Photo by Matthew Hutchinson (Flickr user)
Walking into Piazza della Signoria, where does one look first? David, Perseus, Neptune and Hercules all vie for attention. Practically an open-air sculpture museum, the piazza boasts a colorful and violent history. Savonarola was burnt to death in 1498 and a mob once ate a man alive in the square. Since the 14th century, Piazza della Signoria has been the center of political activity and Florentine civic life.
Looming over the square is Palazzo Vecchio, also called Palazzo della Signoria, the symbolic seat of political power built at the end of the 13th century for the Signoria, leaders in the city government. The 94-meter tower was built around 1310. Perhaps the most famous sight is Michelangelo’s David, a masterpiece of Renaissance sculpture. Created in 1504 and placed in front of the Palazzo Vecchio, David was moved in 1873 to the Galleria dell’Accademia and replaced with a replica.
Alessandro de Medici, Duke of Florence, commissioned Baccio Bandinelli to sculpt Hercules and Cacus in 1534 and placed it across from David as a symbol of the victory of the Medici dynasty over their enemies in Florence, to counterbalance the ‘republican’ masterpiece by Michelangelo. Benvenuto Cellini described it as “a sack of melons.” Giambologna’s equestrian bronze of Cosimo I, who brought the Medici family back to power in 1537, was installed in 1594. Giambologna also created some sensuous nymphs and satyrs for Ammannati’s Fountain of Neptune, of which Michelangelo is said to have remarked, “Ammannato, Ammannato, che bel marmo ha rovinato” (“Ammanato, Ammannato, what beautiful marble you have ruined.”).

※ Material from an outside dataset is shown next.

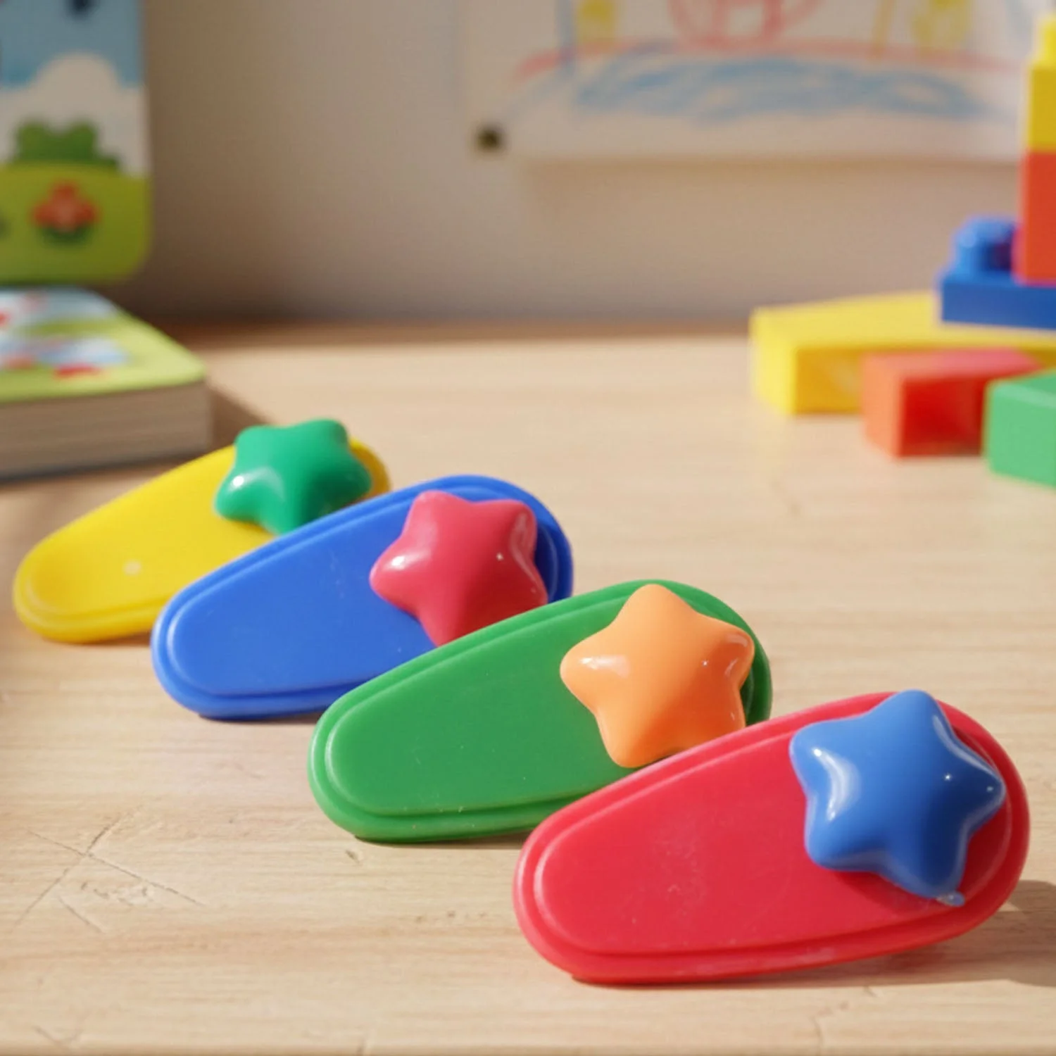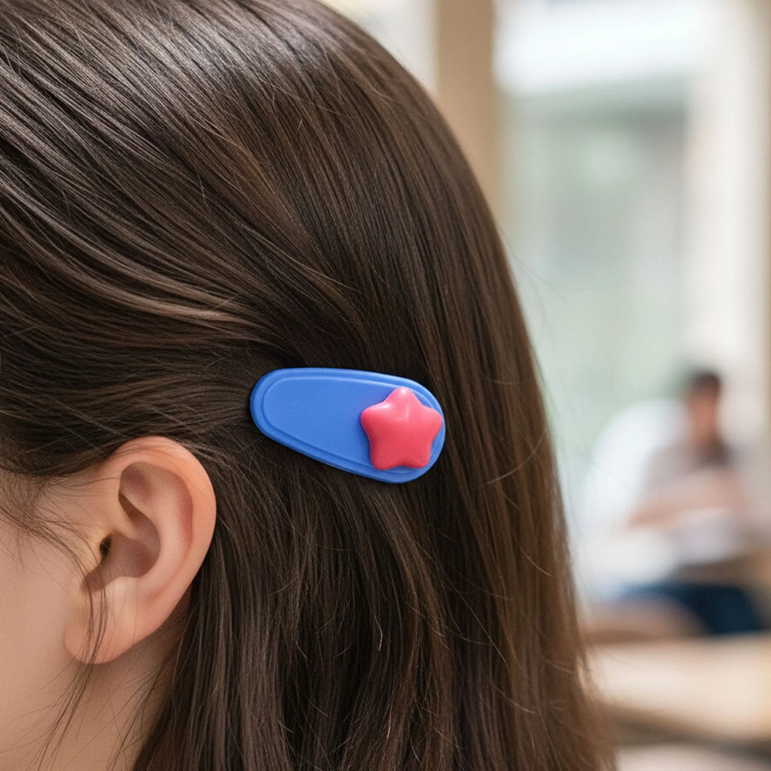 This decorative hair clip set features a playful star design combined with vibrant colors to enhance everyday hairstyles. Designed for easy use, these clips provide a firm yet gentle hold to keep hair neatly in place throughout the day. The smooth surface and lightweight construction ensure comfortable wear without pulling or discomfort. Suitable for casual styling, these clips add a fun and trendy touch to daily grooming. A practical and stylish choice for regular use or simple accessorizing.

Ammannati eventually admitted the statue was inferior, having used a piece of marble lacking width, giving the god shoulders too narrow for his body. Copies of Donatello’s ‘Marzocco,’ the lion which symbolises Florence, and ‘Judith and Holofernes’ can be found by the Palazzo Vecchio. The originals are now housed in the Museo del Bargello and inside the Palazzo itself.

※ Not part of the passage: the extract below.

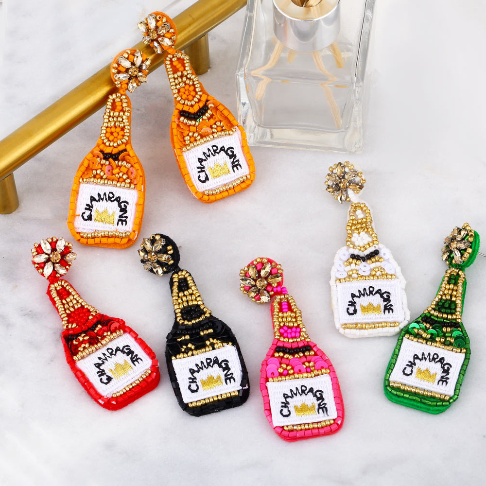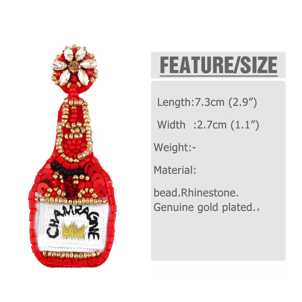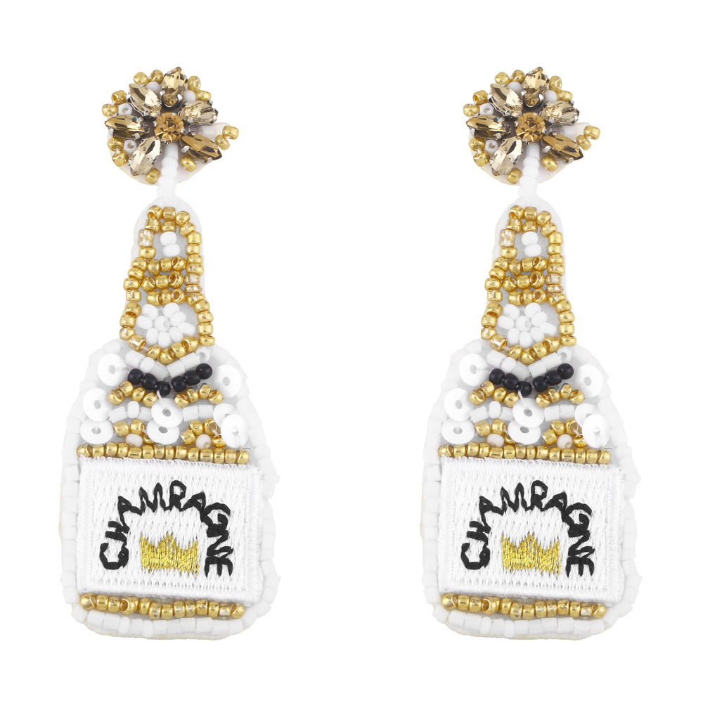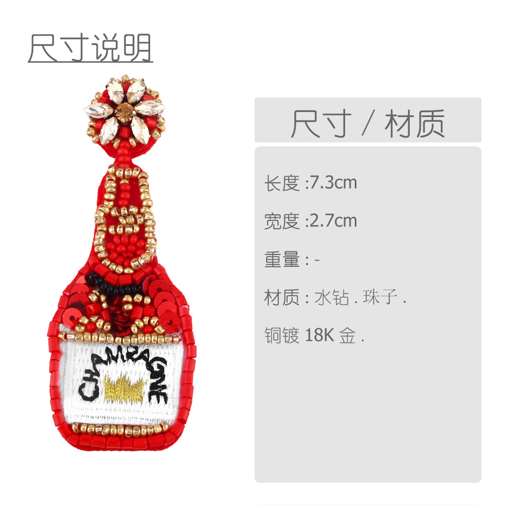 Clearance European and American exaggerated champagne bottle rice bead sequin earrings female embroidered letters CHAMEAGNE earrings ery15

The 14th century Loggia dei Lanzi was originally built to provide protection against the natural elements during public meetings and events. One of the most striking occupants of the Loggia is Benvenuto Cellini’s triumphant ‘Perseus,’ displaying the horrifying Medusa’s decapitated head. The casting of the bronze almost failed when it began to set too quickly, but Cellini ingeniously fed the furnace with his furniture and about 200 dishes, and pots and pans, causing the bronze to flow freely and allowing the statue to be finished.
Giambologna attempted to outdo Cellini with his impressive ‘Rape of the Sabine Women,’ made from the largest block of marble ever to be transported to Florence. This statue is the first in European sculptural history to be conceived without a dominant viewpoint. Nearby is Giambologna’s Hercules beating the Centaur Nessus. Other statues in the Loggia include the ‘Rape of Polyxena’ by Pio Fedi and a collection of Roman Sabines.

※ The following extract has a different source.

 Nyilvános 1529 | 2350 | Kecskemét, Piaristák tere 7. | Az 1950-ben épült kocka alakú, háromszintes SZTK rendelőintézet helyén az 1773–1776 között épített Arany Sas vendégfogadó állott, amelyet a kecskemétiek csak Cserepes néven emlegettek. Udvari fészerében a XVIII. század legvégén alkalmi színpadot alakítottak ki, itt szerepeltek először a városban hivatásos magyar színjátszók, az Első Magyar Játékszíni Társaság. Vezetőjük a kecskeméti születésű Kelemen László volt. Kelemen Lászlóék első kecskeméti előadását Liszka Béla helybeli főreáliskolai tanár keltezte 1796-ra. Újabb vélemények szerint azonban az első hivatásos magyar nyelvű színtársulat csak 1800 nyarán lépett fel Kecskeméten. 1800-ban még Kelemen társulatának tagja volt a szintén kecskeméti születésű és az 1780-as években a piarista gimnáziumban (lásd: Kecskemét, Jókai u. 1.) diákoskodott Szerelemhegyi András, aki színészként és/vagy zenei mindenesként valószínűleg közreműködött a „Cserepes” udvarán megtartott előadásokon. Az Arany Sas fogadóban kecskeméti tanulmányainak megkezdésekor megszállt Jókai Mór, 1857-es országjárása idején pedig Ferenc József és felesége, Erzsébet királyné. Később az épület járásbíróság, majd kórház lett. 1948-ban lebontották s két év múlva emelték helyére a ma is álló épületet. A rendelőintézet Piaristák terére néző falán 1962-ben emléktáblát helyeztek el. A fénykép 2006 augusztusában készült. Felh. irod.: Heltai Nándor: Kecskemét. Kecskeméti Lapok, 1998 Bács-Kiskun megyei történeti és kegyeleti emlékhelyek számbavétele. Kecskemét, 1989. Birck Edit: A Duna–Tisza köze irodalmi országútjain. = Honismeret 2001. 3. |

Nowadays, Piazza della Signoria is a meeting place for tourists and locals alike. Despite constant restoration, the locks of tourists, souvenir stalls and pavement cafes, the square still maintains the dignity and asceticism of bygone times. It is a bustling center during the day as tourists scramble to get into the Uffizi or the Palazzo Vecchio while taking pictures in front of all of the statues. At night, locals and tourists alike sit on the piazza with their aperitivo as the tower of the Palazzo Vecchio lights up for the night. Nevertheless, a visit to Piazza della Signoria is not to be missed, whether you are just passing through or if you live here year-round.